1. Backpropagation and Gradient Descent
In the paper „Introduction“ we have developed a learner to learn the task of playing Tic Tac Toe.We have used a linear combination of weights and features to represent the learning task and have used the LMS update rule to adjust the weights. With the LMS update rule we have minimized the error between the output and the target output. The LMS update rule is a stochastic gradient descent. This linear representation of a learning task is just suitable for problems, which are linear separable. In many cases this is not possible, so different (more complex) represenations have to be found. One represenation are neural networks. Depending
on the structure of the network (number of different layers), neural networks can represent very complex nonlinear hypothesis spaces.
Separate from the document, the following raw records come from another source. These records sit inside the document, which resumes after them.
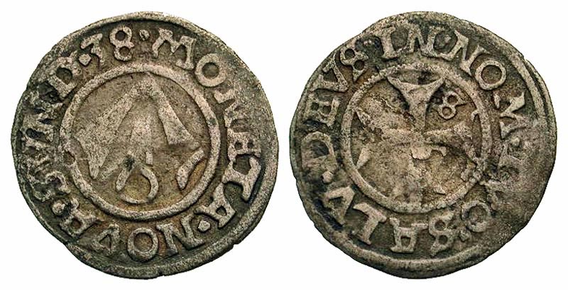 GERMANY, Stralsund. XV Century AD. AR Schilling (0.88 gm), 1538. Arrow-head / Cross with S in one angle. Saurm.4999. Toned Fine+.
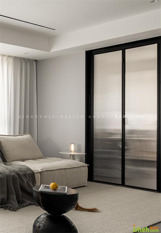 客厅和书房之间,增加玻璃折叠门,同时保证了书房的私密性。
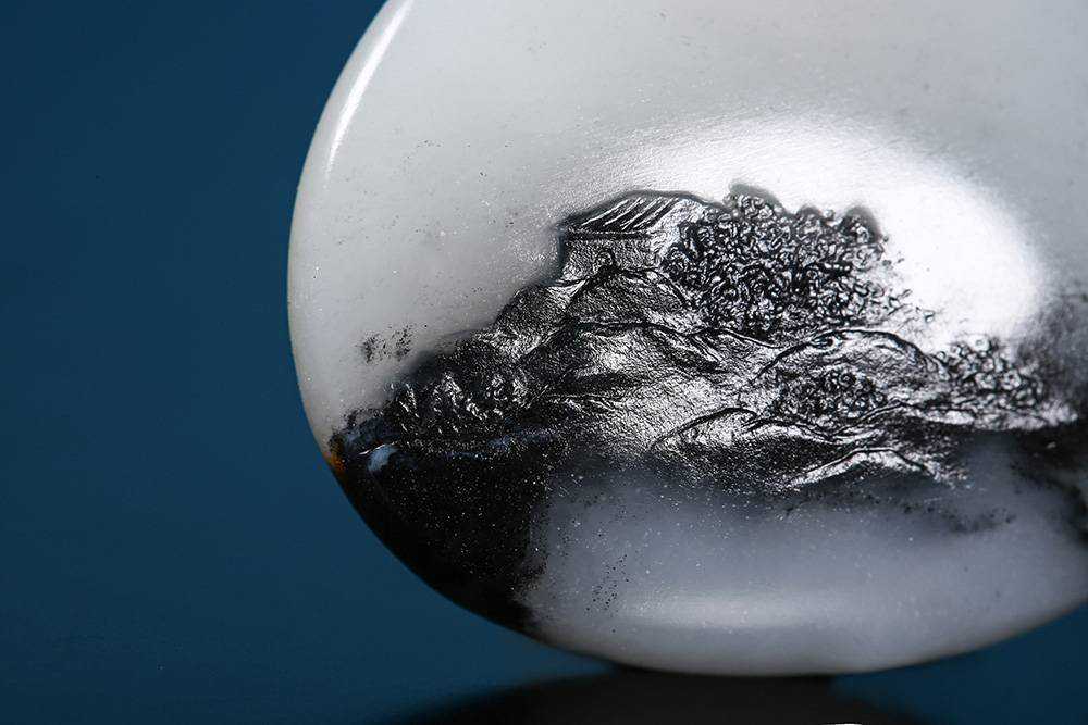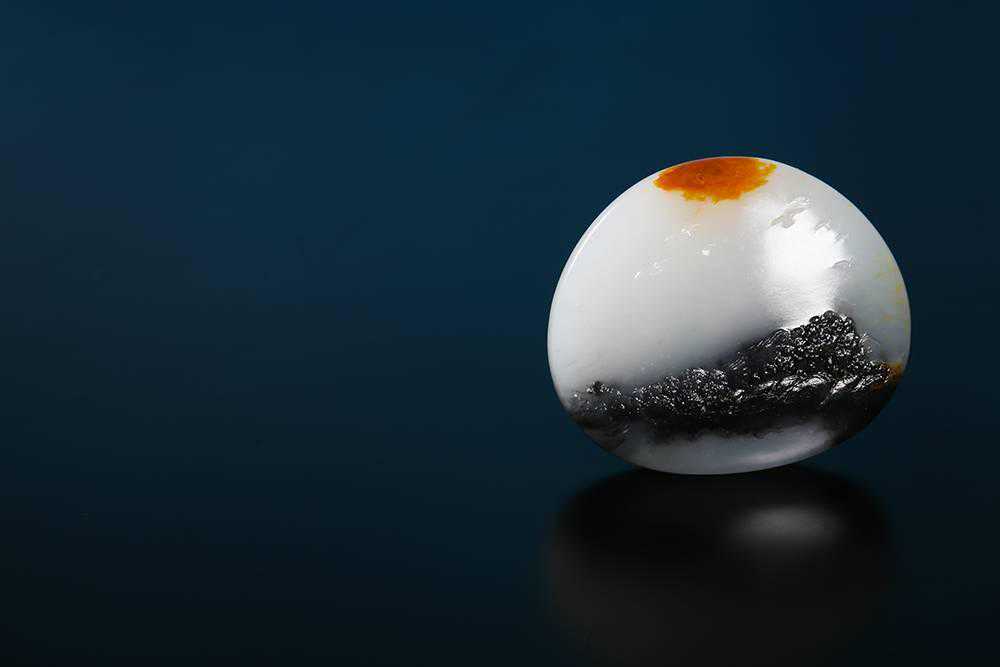 山水揽胜,景色秀丽,赏之怡然 大自然的鬼斧神工造就了山清水秀,山因水而俊秀,水因山而灵动。 山水之情延续的是华夏的血脉与文化,亦是对美好生活的向往。 所谓“登山则情满于山,观海则意溢于海”,中国人寄情于山水,它洗涤、陶冶人们的心灵,高山承载着生命的意义,碧水的柔情倾诉着世间的浪漫。 作品取自最适宜表现山水的青花籽料,黑白相间,玉质细腻,皮色浓醇。 墨色集中在玉石下方,四周环绕,天然沁入的石墨犹如一幅意境优美的山水图。 玉雕师充分运用浮雕技法,线条流畅而细腻,整体布局严谨。 正面山峰峻岭、悬崖峭壁,凭山而望,满是美景尽收眼底;背面楼阁树木,房屋依山傍水、古朴自然,这样山水咫尺、天涯无限的意境实在让人流连忘返。 玉石上方的聚红皮犹如夕阳盘旋在天空之上,照耀着山川草木,山水情致,赏之怡然。 让生命浸润于山水之间,吸收日月山川的精华,感受沧海桑田的变化,回归自然,感受天地的精神。 山水揽胜,挂件,新疆和田青花籽料,局部聚红皮,真皮无二上,参考白度一级以上,肉质非常细腻,可过灯,润度很好,油分十足,苏州名家精工,尺寸约42.5*36.7*12.7mm,重33克。
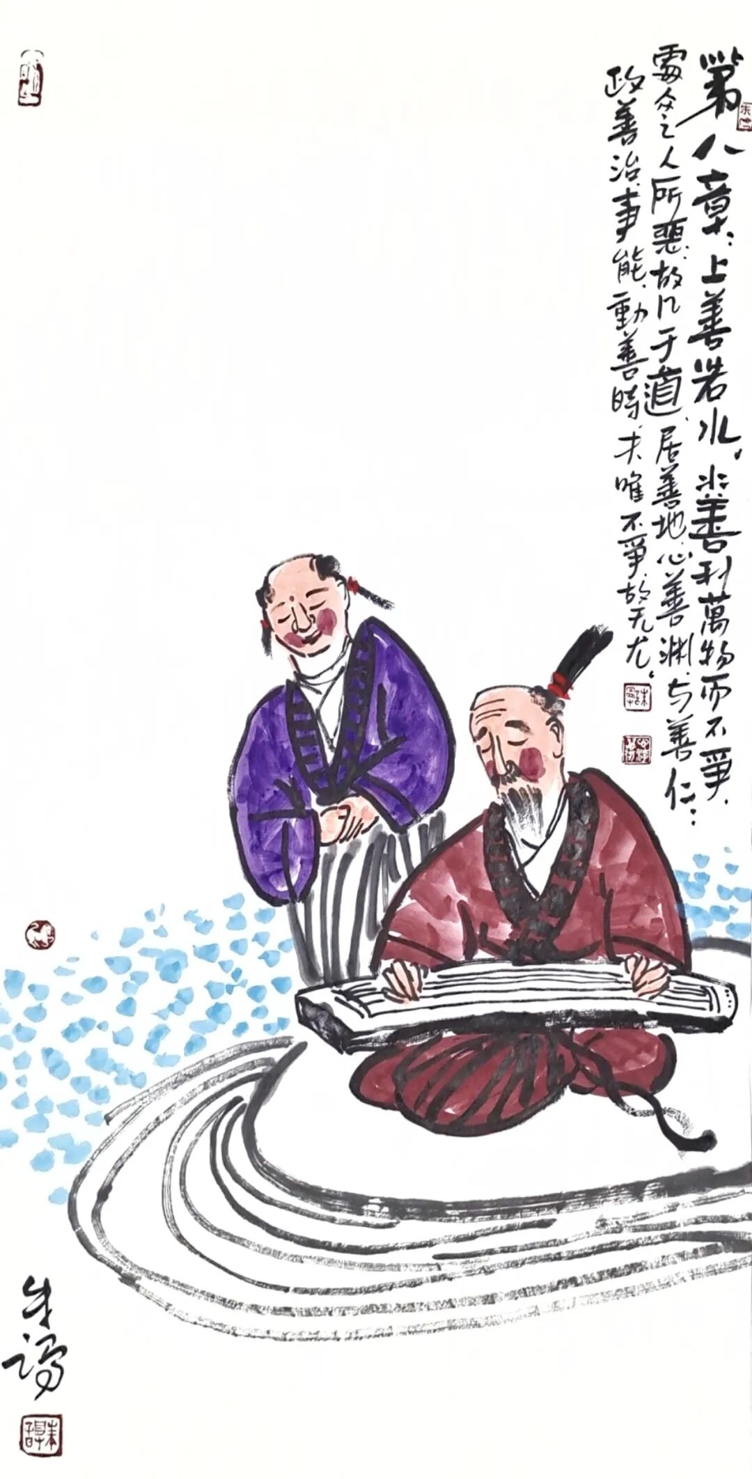 2、“上善若水”(第八章)· 表现方式:水墨渲染出水的柔性与力量,如水滴汇聚成江海,润木载舟(隐喻“利万物而不争”)。拟人化的水滴角色,形态随意变化,遇石则绕,遇洼则盈。
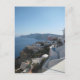 Looking out into the blue ocean and crowded neighbourhoods of Oia on the island of Santorini in Greece.
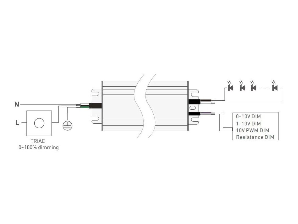 Ennek a tápegységnek az az előnye, hogy univerzálisan szabályozható, mivel több fényerőszabályozási módot is támogat. A fényerő klasszikus TRIAC fényerőszabályzóval, vagy 0–10 V, 1–10 V, 10 V PWM vezérlőjelekkel vagy 0–100 kΩ közötti ellenállással szabályozható. Ez lehetővé teszi a könnyű hozzáigazítást a konkrét rendszerhez és a környezethez, amelyben a világítás telepítve lesz.
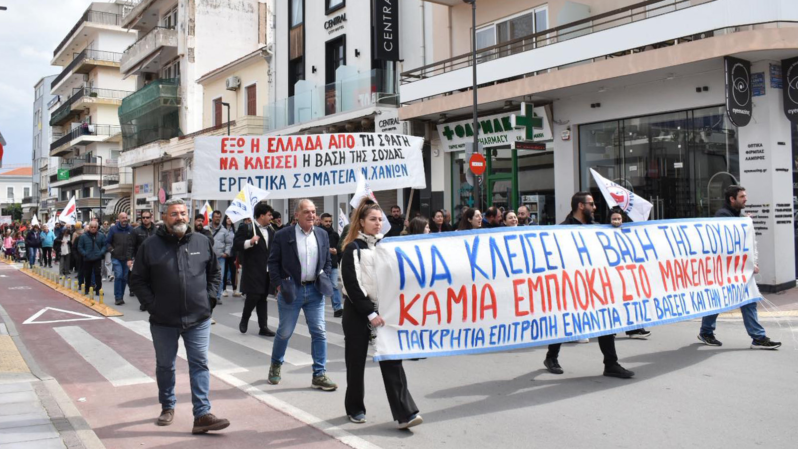 Τα Εργατικά Σωματεία στην Κρήτη και η Παγκρήτρια Επιτροπή Ενάντια στις Βάσεις και την Εμπλοκή οργάνωσαν μαχητικά συλλαλητήρια σε όλο το νησί στέλνοντας το μήνυμα ότι ο λαός της Κρήτης δεν θα δεχθεί το νησί να γίνει πολεμικό ορμητήριο.

But beside some differences our simple Tic Tac Toe learner shares some basic concepts with neural networks: the basis of both are features and weights.

Backpropagation is a (supervised) learning algorithm for feed-forward networks. As many other algorithm it uses gradient descent to find weights which minimize the error. Gradient descent involves computing the error gradient and adjusting the weights in the direction of the gradient.

I´ve implemented some simple neural networks to learn some simple tasks. The source code is here [2] available. There are neural networks which learn simple identity functions, simple inverse functions etc. There is also a delta rule implementation, which can be used to compare different types and parameters of the gradient descent.
You can compare
• plain gradient descent
• stochastic gradient descent (approximation)
• different learning rates and
• decay learning rates
For an overview about neural networks see [3].

2. Designing the ANN
Beside the implementation of the backpropagation algorithm our neural network to learn face recognition needs some important design decisions. First we have to design the overall structure of the network. We decide to use two sigmoid layers (one hidden layer and one output layer) consisting of some (currently) unknown number of units. Second we have to consider, which features our network should learn. The images are a 32x30 grid of pixels. Each pixel has an integer value from 0 to 255 representing color values. An obvious solution for our problem domain is to use 960 input units representing the pixel values. Third we have to decide, how
many hidden units we want to use. As suggest in [1] we use 20 units (but we can easily change this and experiment with more or less units). Fourth we have to design the output layer. F.ex. we can use only one output unit to represent the final classification. But we choose again an obvious solution: for every person there should be one output unit (because we expect that the network can learn this output encoding easier). The last decision comprises the target encoding. The target encoding determines the error between current output of the network and the desired output. Because we have one output unit for every person, our target encoding for e.g. the first person (of seven) looks like this: 0.9, 0.1, 0.1, 0.1, 0.1, 0.1, 0.1. So high values
stand for the target classification.

The final structure looks like this:

3 The Implemenation
The implemenatin of the network is straightforward. The class Unit represents a single sidmoid unit. It has methods for calculating the current error of the unit and for adjusting the weights. ImageNeuralNetwork represents the whole network. It defines the structur of the network and has methods for propagating the different layers and for training and testing the network. TargetEncoding defines the above specified target encoding. XVal is a simple crossvalidation implementation. ImageReader reads each single character from the image files and stores them as integers in an array. And ImageLearnerNN puts the pieces together. It uses the crossvalidation implementation to train networks and looks for the ’best’ network. The accuracy
of the ’best’ network is calculated and this process is repeated ten times to get a mean result.

References
[1] Machine Learning, Mitchell, Tom M. (1997), ISBN 0-07-115467-1
[2] Source Code, http://code.google.com/p/mindthegap/
[3] Artificial Neural Network, http://en.wikipedia.org/wiki/Artificial_neural_network
[4] Backpropagation, http://en.wikipedia.org/wiki/Backpropagation
[5] Mitchell Textbook, http://www.cs.cmu.edu/afs/cs.cmu.edu/user/mitchell/ftp/faces.html

This is a brief introduction to Machine Learning. It’s based on “Machine Learning”, written by Tom M. Mitchell and some resources of the World Wide Web. See chapter “References” for more informations (I strongly recommend reading “Machine Learning”),
The source code can be found here: http://code.google.com/p/mindthegap/

I will characterize the nature of machine learning and provide a general overview of the concepts of machine learning tasks in a very practical manner.
Througout we will work on one concrete example and we will develop one possible solution for this given problem. After reading this the reader should have an imagination of machine learning problems and how to solve these.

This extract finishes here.